Problem description
Could you copy every record exactly, leaving the pictures behind?

* * *

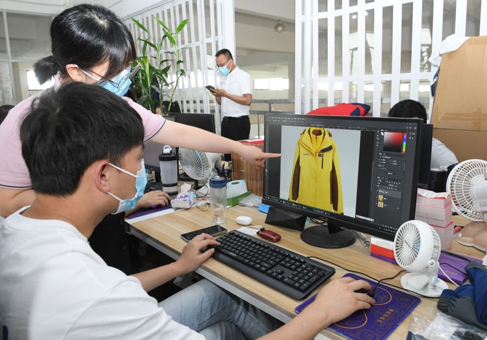 在浙江省臺州市三門縣的一家戶外用品企業(yè),工作人員在討論一款沖鋒衣的設(shè)計(2022年6月14日攝)。新華社記者 翁忻旸 攝
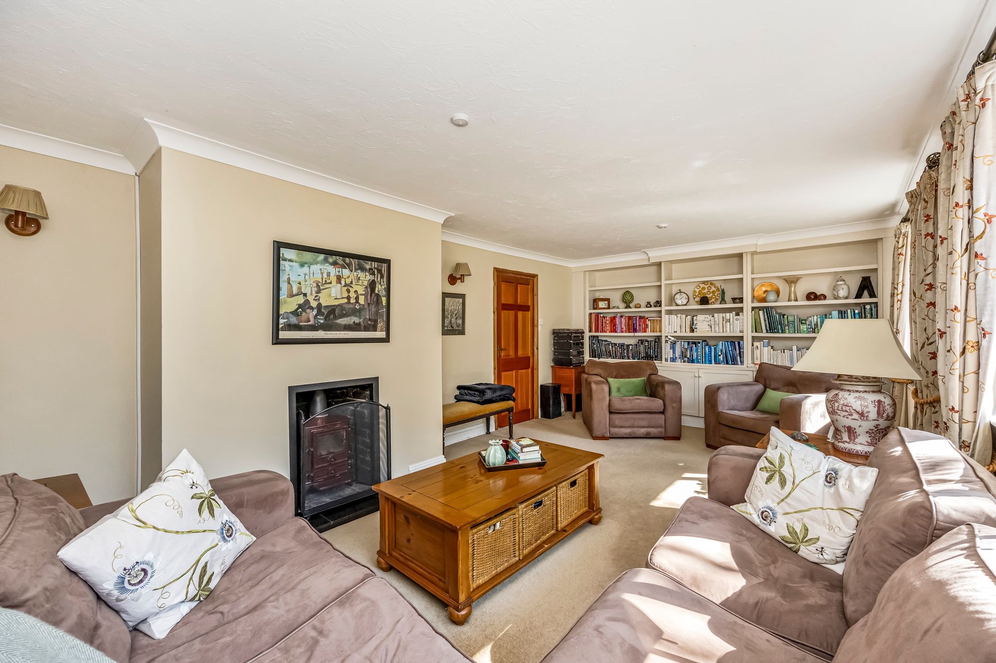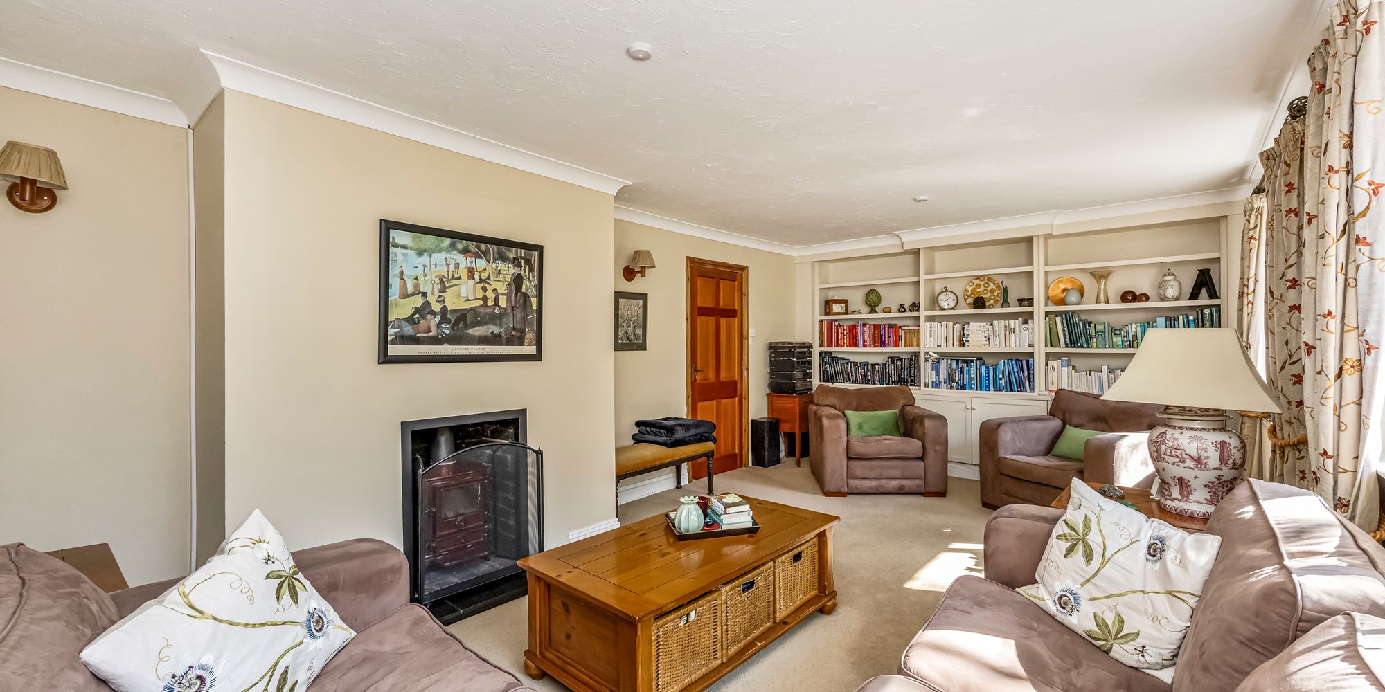 SITTING ROOM: Open fireplace incorporating an integrated wood burner with brick surround and granite hearth, extensive fitted wall unit with shelving and storage, two large windows to front.
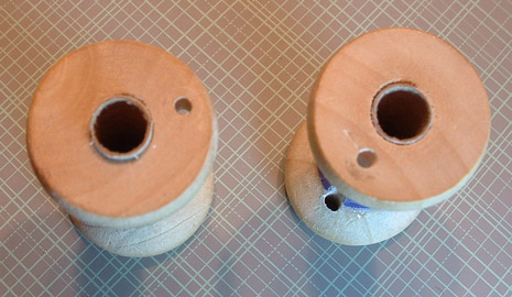 scratch_micromax-spool_launchrodholesBuilding the rocket was not quite as simple as it could get, but it was close. A Micromaxx motor fits loosely into the 7/8 inch spool's center hole and with a few wraps of masking tape, you could just friction fit the motor into it and go. But I didn't want to even have to bother with doing that, so I constructed a motor mount for my spool. The center hole just happened to be the same diameter as the OD of FlisKits BT-2.5 which is the tubing used to make the motor tubes for their "Micro To The Maxx" line of MMX® kits. I already had some of this tubing on hand so I simply cut a length of it that was equal to the height of the spool - 30mm. Next I used a toothpick to apply a small bead of Elmer's Glue-All® about 3/16 of an inch into one end of the tube. Using a spent Micromaxx motor that I had glued onto the end of a bamboo skewer, I pushed a FlisKits EB-2.5® engine block into the tube from the other end until the end of the motor was almost flush with the end of the tube (I left about 1/32 of an inch hanging out) and then quickly withdrew the spent motor. I let the glue cure for awhile before proceeding.
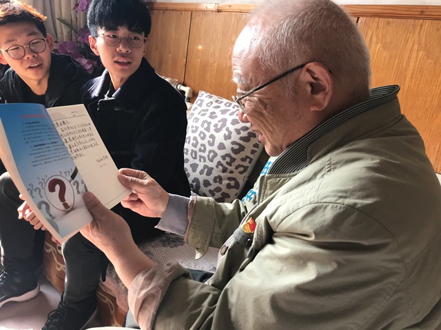 魏世杰老人曾在国家秘密基地工作,从事国防科研26年,经历两次爆炸,见证了我国“两弹一星”的成功研制,先后有17项科研成果获得国防科工委的奖励。在老人家中,魏世杰老先生给同学们讲叙了他参与研究原子弹、氢弹等工作的经历,以及他如今为普及科学知识而进行科普写作的故事。之后,同学们为老人送上卡片祝福——“送您春风让您心旷神怡,送您细雨洗去疲惫的汗迹,祝您重阳节快乐!”。魏老兴起,一同和红阳先锋实践队队员们唱起了《唱支山歌给党听》,怀念那段难忘的禁地青春。红阳先锋实践队队长袁俊聪也精心为魏老先生带来了诗朗诵《采桑子·重阳》,在社区居民和魏老的掌声中活动圆满成功。
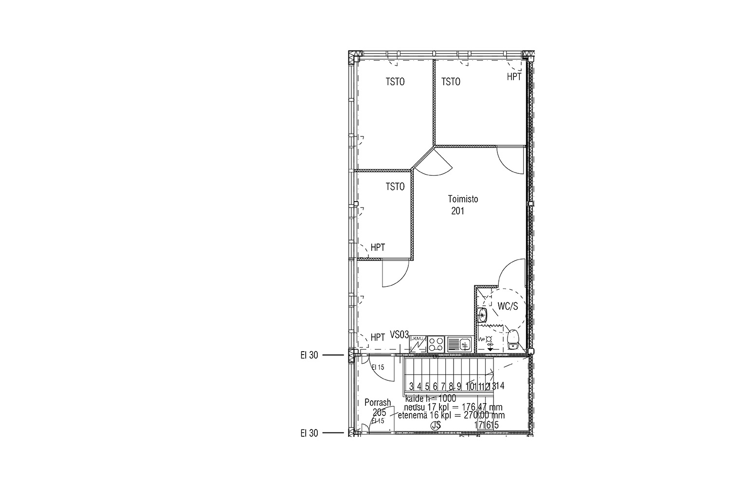 Noin 57 m²:n tilassa on kolme toimistohuonetta, keittiö sekä wc. Lämmitys sisältyy toimiston vuokraan, vesi ja sähkö laskutetaan erikseen mitatun kulutuksen mukaan. Huoneistossa viilennys ja lämmitys ilmalämpöpumpulla.
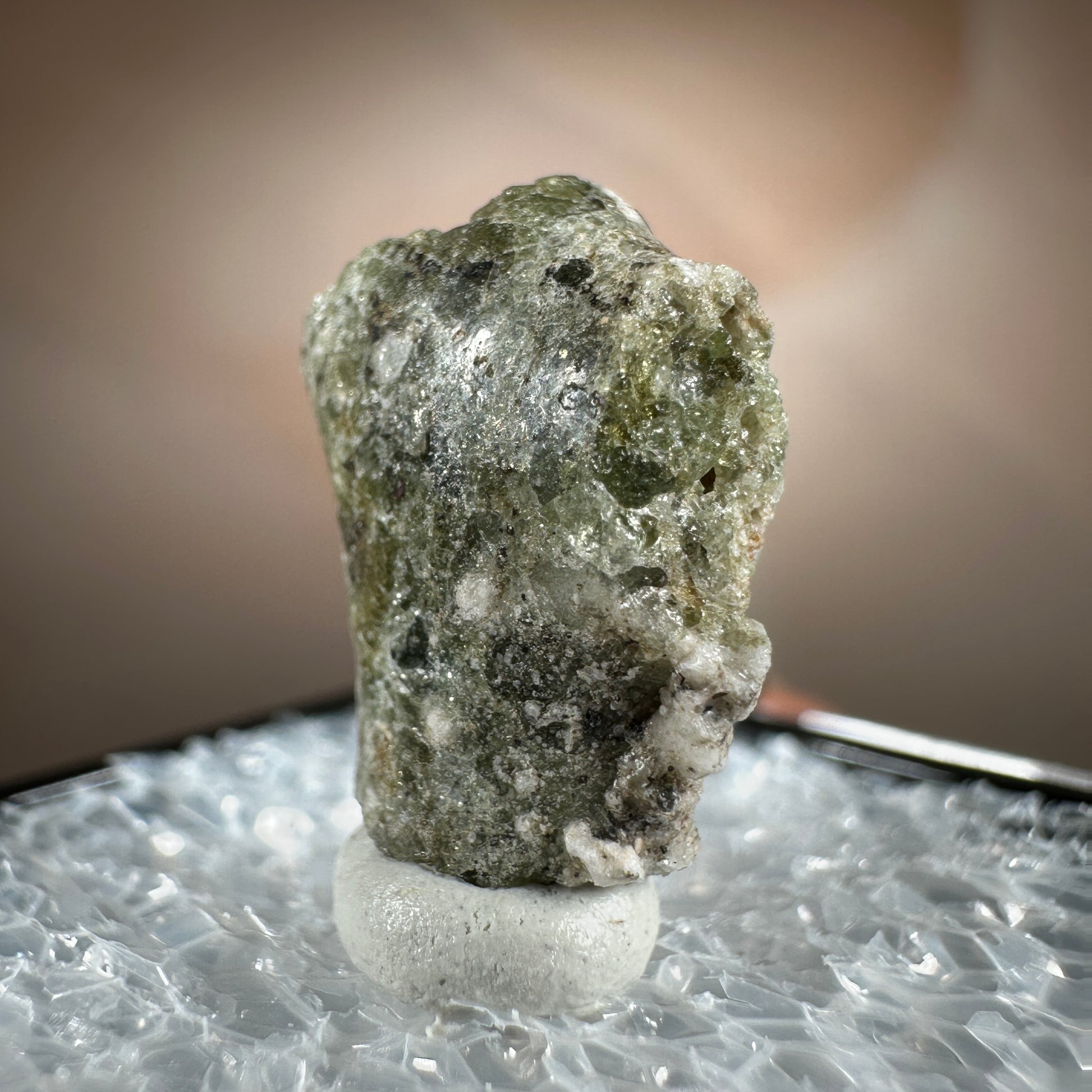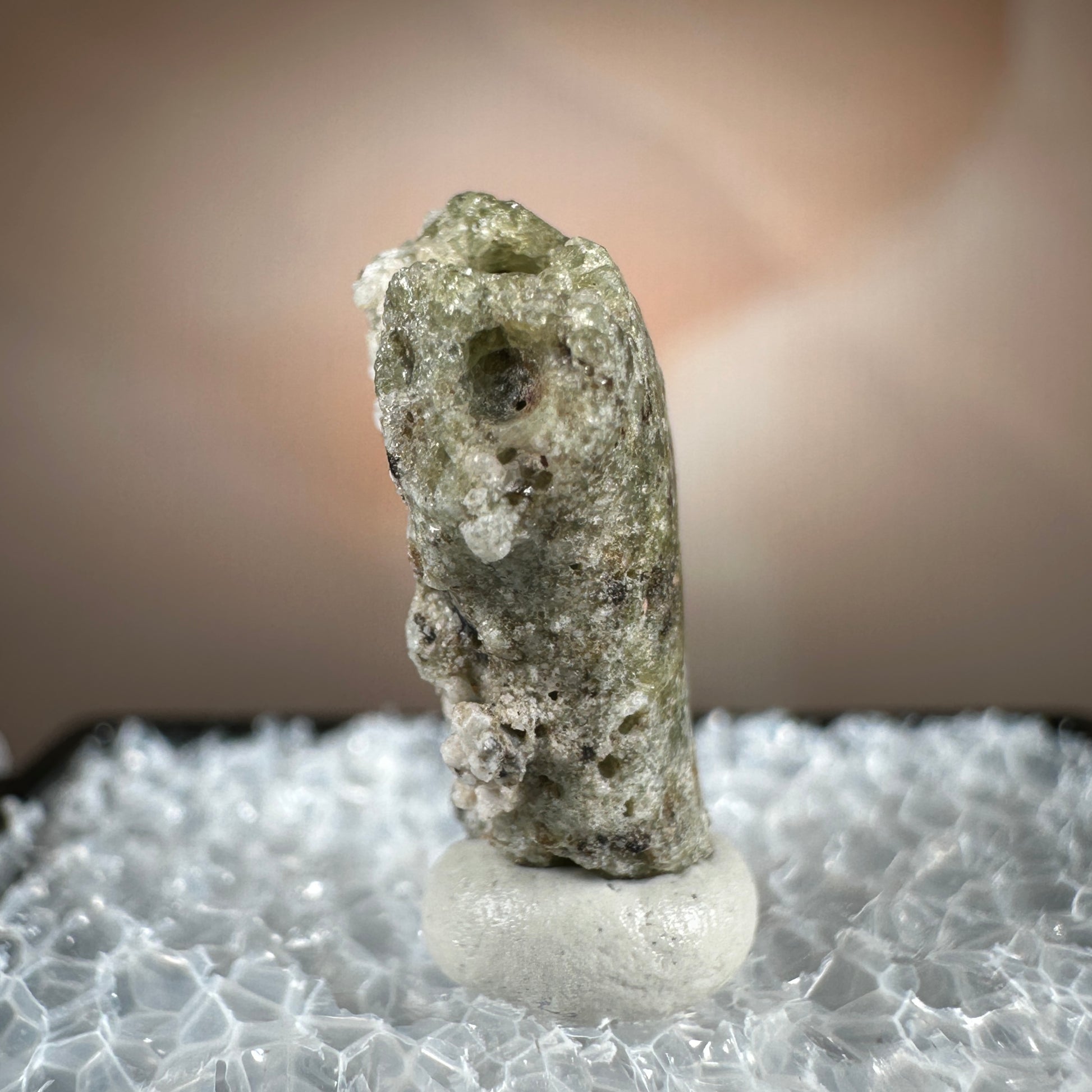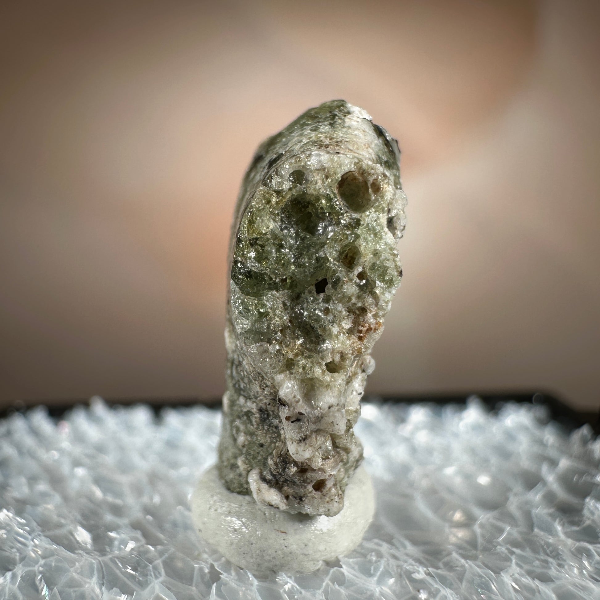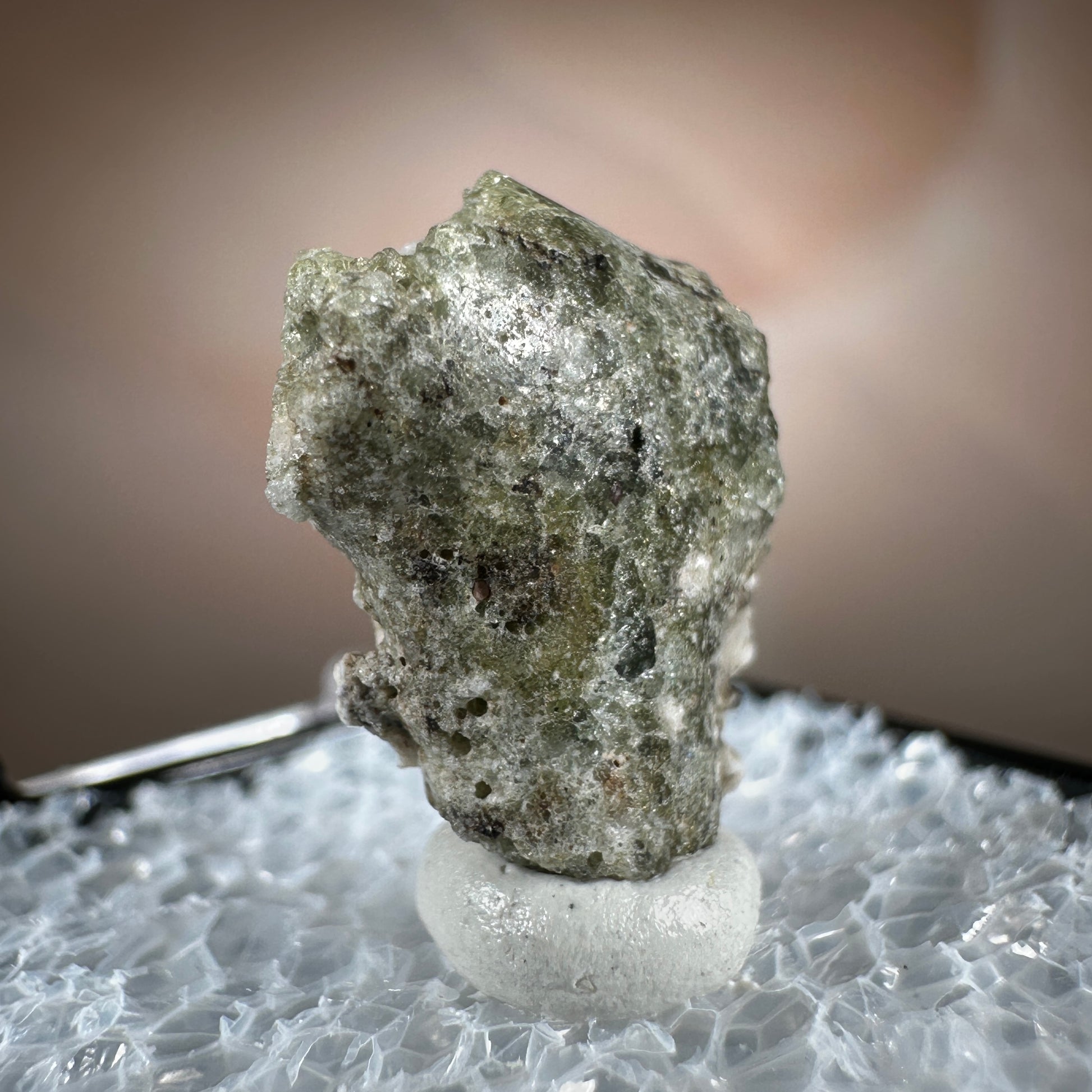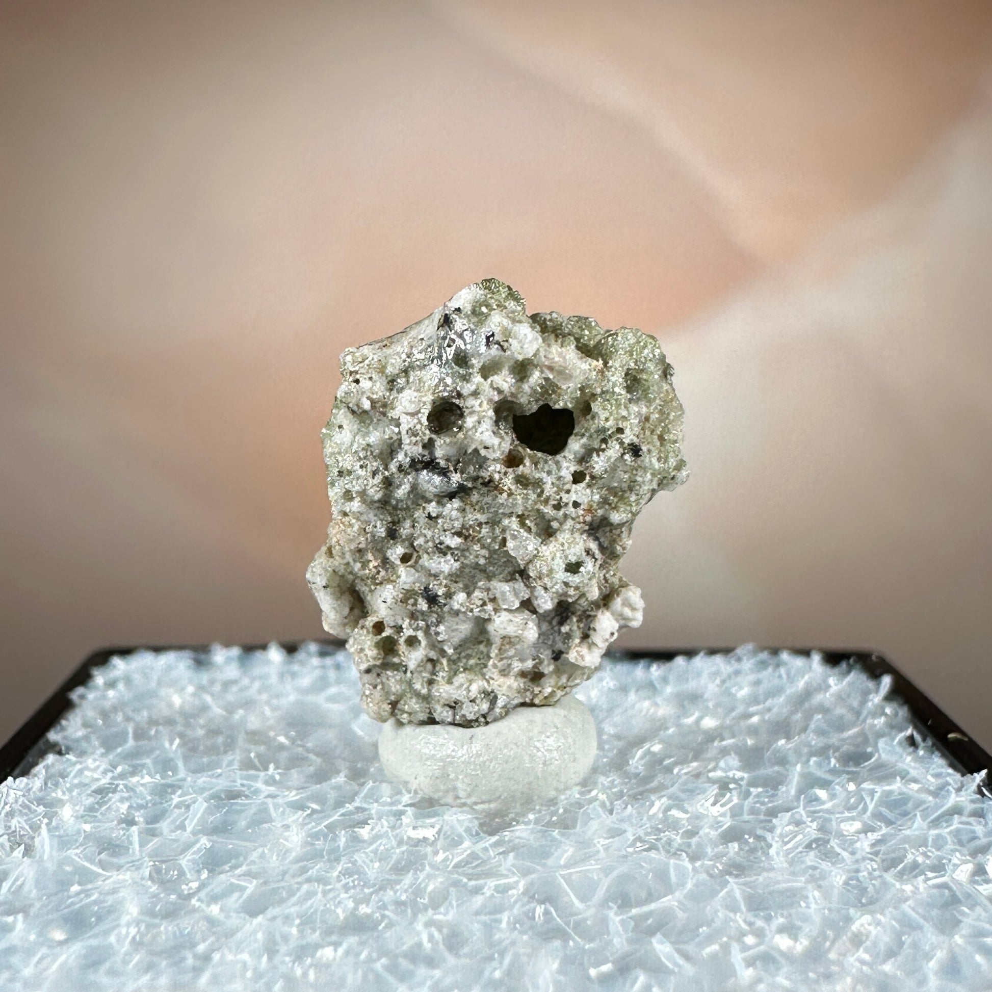 One interesting characteristic of Trinitite, is the sand grain textured bottom, with a smooth melted upper surface. This has lead many to believe these Trinitite pieces were actually formed from sand that was sucked up into the fireball of the explosion and later fell into the crater, rather than simply melting in place beneath the explosion. The Trinity test site is usually off limits, opening only 1-2 times a year for visitors. Our Trinitite is from a former rock shop owner who retired years ago, he had this Trinitite stored away for decades.
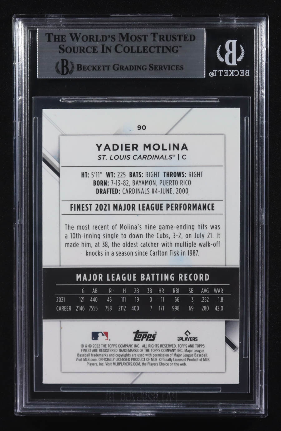 Yadier Molina Signed 2022 Finest #90 (BGS)
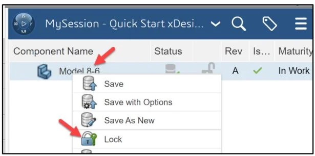 View the Status column in the updated MySession panel. The Status icon displays a green check mark. This means that the current file on your SOLIDWORKS desktop is updated and saved to the platform. The default Revision is A. The Maturity State is “In Work”. This is the default Lifecycle state after you saved the model to the 3DEXPERIENCE platform.

* * *

Exercise result
 在浙江省臺州市三門縣的一家戶外用品企業(yè),工作人員在討論一款沖鋒衣的設(shè)計(2022年6月14日攝)。新華社記者 翁忻旸 攝
 SITTING ROOM: Open fireplace incorporating an integrated wood burner with brick surround and granite hearth, extensive fitted wall unit with shelving and storage, two large windows to front.
 scratch_micromax-spool_launchrodholesBuilding the rocket was not quite as simple as it could get, but it was close. A Micromaxx motor fits loosely into the 7/8 inch spool's center hole and with a few wraps of masking tape, you could just friction fit the motor into it and go. But I didn't want to even have to bother with doing that, so I constructed a motor mount for my spool. The center hole just happened to be the same diameter as the OD of FlisKits BT-2.5 which is the tubing used to make the motor tubes for their "Micro To The Maxx" line of MMX® kits. I already had some of this tubing on hand so I simply cut a length of it that was equal to the height of the spool - 30mm. Next I used a toothpick to apply a small bead of Elmer's Glue-All® about 3/16 of an inch into one end of the tube. Using a spent Micromaxx motor that I had glued onto the end of a bamboo skewer, I pushed a FlisKits EB-2.5® engine block into the tube from the other end until the end of the motor was almost flush with the end of the tube (I left about 1/32 of an inch hanging out) and then quickly withdrew the spent motor. I let the glue cure for awhile before proceeding.
 魏世杰老人曾在国家秘密基地工作,从事国防科研26年,经历两次爆炸,见证了我国“两弹一星”的成功研制,先后有17项科研成果获得国防科工委的奖励。在老人家中,魏世杰老先生给同学们讲叙了他参与研究原子弹、氢弹等工作的经历,以及他如今为普及科学知识而进行科普写作的故事。之后,同学们为老人送上卡片祝福——“送您春风让您心旷神怡,送您细雨洗去疲惫的汗迹,祝您重阳节快乐!”。魏老兴起,一同和红阳先锋实践队队员们唱起了《唱支山歌给党听》,怀念那段难忘的禁地青春。红阳先锋实践队队长袁俊聪也精心为魏老先生带来了诗朗诵《采桑子·重阳》,在社区居民和魏老的掌声中活动圆满成功。
 Noin 57 m²:n tilassa on kolme toimistohuonetta, keittiö sekä wc. Lämmitys sisältyy toimiston vuokraan, vesi ja sähkö laskutetaan erikseen mitatun kulutuksen mukaan. Huoneistossa viilennys ja lämmitys ilmalämpöpumpulla.
 One interesting characteristic of Trinitite, is the sand grain textured bottom, with a smooth melted upper surface. This has lead many to believe these Trinitite pieces were actually formed from sand that was sucked up into the fireball of the explosion and later fell into the crater, rather than simply melting in place beneath the explosion. The Trinity test site is usually off limits, opening only 1-2 times a year for visitors. Our Trinitite is from a former rock shop owner who retired years ago, he had this Trinitite stored away for decades.
 Yadier Molina Signed 2022 Finest #90 (BGS)
 View the Status column in the updated MySession panel. The Status icon displays a green check mark. This means that the current file on your SOLIDWORKS desktop is updated and saved to the platform. The default Revision is A. The Maturity State is “In Work”. This is the default Lifecycle state after you saved the model to the 3DEXPERIENCE platform.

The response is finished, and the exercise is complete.